Which?, the consumer champion organisation, published a paper in July on the challenge of decarbonising UK energy supplies and the impact on consumers. The Imbalance of Power estimates that households are already paying on average £50 a year through their bills to fund investments in low-carbon energy generation. It forecasts that this will rise to £120 a year by 2020 (£135 if you heat your home with electricity). Yet, according to Which?, only 1 in 4 consumers is aware that they are paying for these policies through their bills (I was one of the 3 in 4). Which? argues that these costs amount to public spending and should be subject to the same level of scrutiny as other government spending.

The Which? paper (and another one on wholesale energy markets) was debated at a recent Institute for Public Policy Research roundtable. The roundtable discussion is summarised in this IPPR paper. Participant views were fairly divergent, but two areas of broad agreement at the roundtable were a need for greater transparency in the wholesale energy markets and the need to ensure “the voices of consumers are fully represented in debates on decarbonisation policies”.

As a consumer I want greater transparency in my energy bills. But I want this openness on my terms so that it meets my needs. This has real implications for how industry and government go about trying to be transparent. It means turning the picture on its head and seeing things from the point of view of people. It suggests co-design , highly reflective forms of operating, and organisations that value public voice and are willing to share some power.

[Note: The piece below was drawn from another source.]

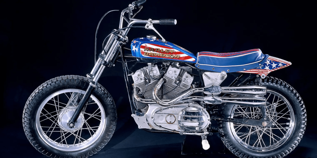 Hoewel de Harley-Davidson XR-750 flat-track racer uit 1970 oorspronkelijk ontworpen was als racemotor, is hij om een heel andere reden beroemd. Degenen die opgroeiden in de jaren zestig en zeventig waren getuige van een gek met een valhelm en een met sterren bezaaide outfit, de tank van zijn fiets geschilderd in de sterren en strepen, en ze zagen deze man vaak over bussen, bruggen en rivieren vliegen, de man was aanwezig bij vrijwel alles waar overheen gesprongen kan worden. De XR-750 is beroemd vanwege Evel Knievel.

But I’m not just a consumer. I’m also a citizen who wants to be confident that we are building a sustainable future, both in terms of security of energy supply and carbon use. It would be nice if we could have a meaningful public discourse about this, underpinned by greater transparency in public policy making. At present, the debate is clouded by arguments over climate change (which, interestingly, seem to be shifting following the latest Inter-Governmental Panel on Climate Change report), party-political debates over the cost of living, and some lack of coherence in national strategy (the UK aims to reduce greenhouse gas emissions by 80 per cent by 2050, and yet the government is keen on a dash for shale gas. This may be a legitimate element of our energy security, but the road map for transition to low carbon is elusive).

I don’t want to pay through the nose for my energy, but I am willing to invest in our sustainable future and I would like to see the market treat vulnerable people with dignity. I want security of supply and am willing to make trade-offs, but I’d like to contribute to the policy debate here. It would be nice if both energy markets and public policy making were genuinely transparent and open.